Abstract: Understanding the Dynamics of $2-a-Day Poverty in the United States (Society for Social Work and Research 20th Annual Conference - Grand Challenges for Social Work: Setting a Research Agenda for the Future)

Understanding the Dynamics of $2-a-Day Poverty in the United States

Schedule:
Sunday, January 17, 2016: 9:00 AM
Meeting Room Level-Mount Vernon Square B (Renaissance Washington, DC Downtown Hotel)
* noted as presenting author
H. Luke Shaefer, PhD, Assistant Professor, University of Michigan-Ann Arbor, Ann Arbor, MI
Kathryn Edin, PhD, Bloomberg Distinguished Professor, Johns Hopkins University, Baltimore, MD
Elizabeth Talbert, MPP, MS, Graduate Student, Johns Hopkins University, Baltimore, MD
Background and Purpose: Shaefer and Edin (2013) find a large rise in “extreme poverty” (defined as household cash incomes of no more than $2 per person, per day as measured in a given month or calendar quarter) among U.S. households with children between 1996 and 2011. In this paper we explore some of the underlying dynamics of this phenomenon, which we refer to a “$2-a-day poverty.”

Methods: This study uses an “iterative” mixed methods approach, in which both qualitative and quantitative research has been conducted simultaneously, with each line of inquiry informing the other. Our ongoing ethnographic research occurred in four field sites with 18 families whom had recently lived under the $2-a-day threshold for a calendar quarter. We met with all of sample members multiple times, identifying common themes across cases.
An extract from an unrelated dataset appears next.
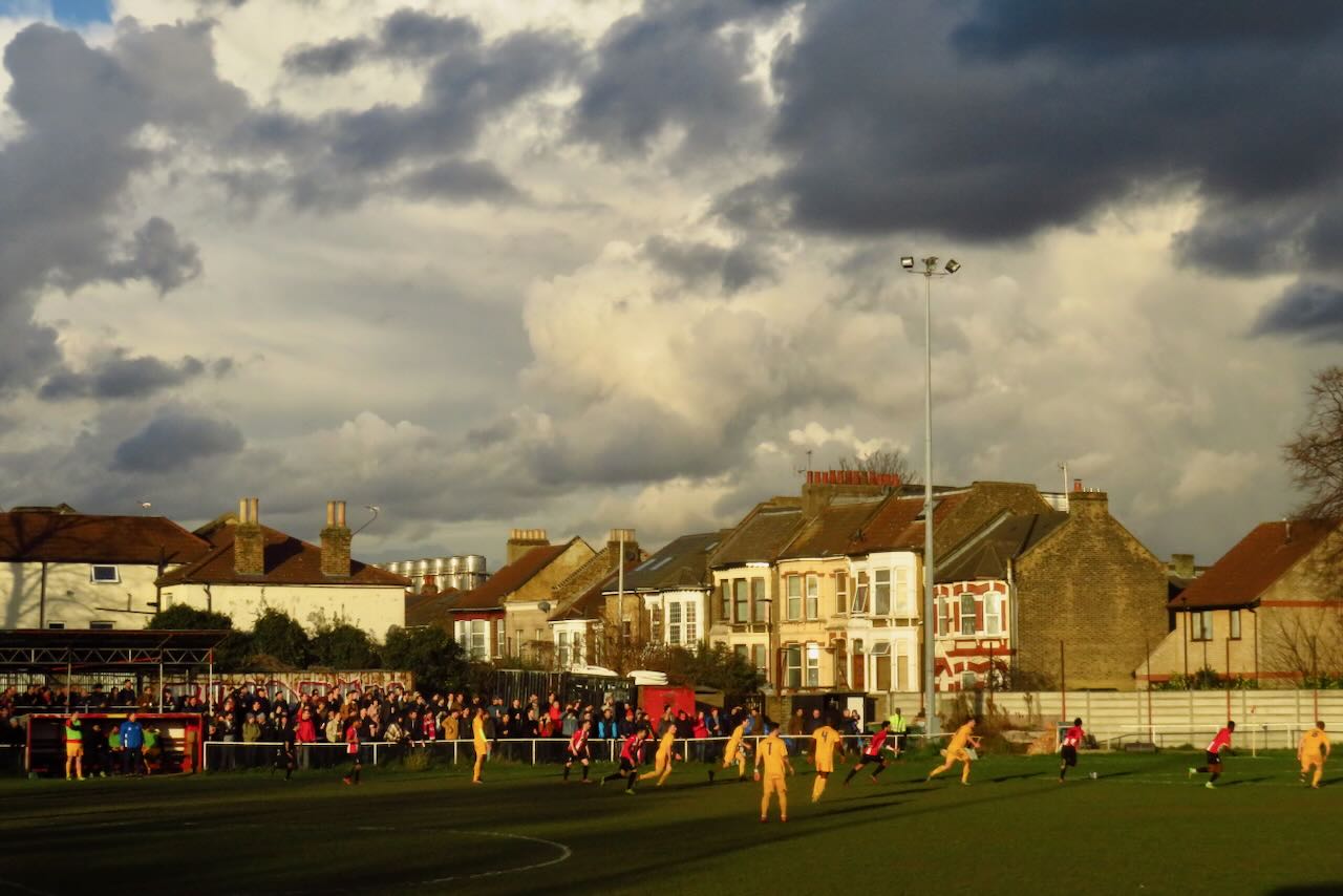 With nothing else much to do while Clare was on her course today I took myself on the latest stop on my recent tour of obscure football stadia and took in a game from the Essex Senior League, Clapton v Barking. Clapton are notable for having a big ‘Ultra’ fan group, but they are a club with a history, having been founded in 1878 and still playing at the same ground they always have done, the marvellously named Old Spotted Dog stadium. The result — Clapton (here in red, white and black) 4, Barking 2. Better than my lot managed today anyway.

For quantitative analyses, data are drawn from the Survey of Income and Program Participation (SIPP, a nationally representative, longitudinal, sample of the U.S. non-institutionalized population, collected in panels lasting <= five years. Estimates are presented for calendar years: 1996; 2005; and 2012.

SIPP calendar year weights allow us to follow a nationally representative sample of children, <=18 years old, who remain in the SIPP sample for a full calendar year. We restrict to children in households with low assets and annual incomes below 150% of poverty. Standard errors are adjusted using Stata’s svy routine.

Results: Examining children longitudinally, we find that the changes in the incidence of $2-a-day poverty between 1996 and 2012 are concentrated among children experiencing such a state chronically, with 7 or more months under the $2-a-day threshold during a calendar year. Growth in chronic extreme poverty is seen using both the cash only definition and after accounting for SNAP. We find that 70% of children who experienced $2-a-day poverty in 2012 lived in a household where an adult worked for at least one full month during the year, while only 10.8 percent lived in households that reported TANF during the year. We find that change in the employment of household adults is a key predictor of change in extreme poverty status. Finally, we find evidence suggesting that households experiencing $2-a-day poverty are more likely to face certain material hardships than other low-income households.

Conclusions and Implications: The descriptive analyses presented here do not fully clarify the causal mechanisms driving the rise in $2-a-day poverty. We hypothesize that the virtual disappearance of a cash safety net for non-workers has played an important role, as has the extended period of high unemployment that has accompanied the Great Recession. Whatever the exact causal relationship, the results presented here offer more evidence that there has been a fundamental shift in the circumstances of households with children at the very bottom in the U.S. What’s more, rising rates of spells of very low income are concentrated among children experiencing such spells chronically, rather that episodically. Such findings raise important questions about the adequacy of the U.S. means-tested income safety net.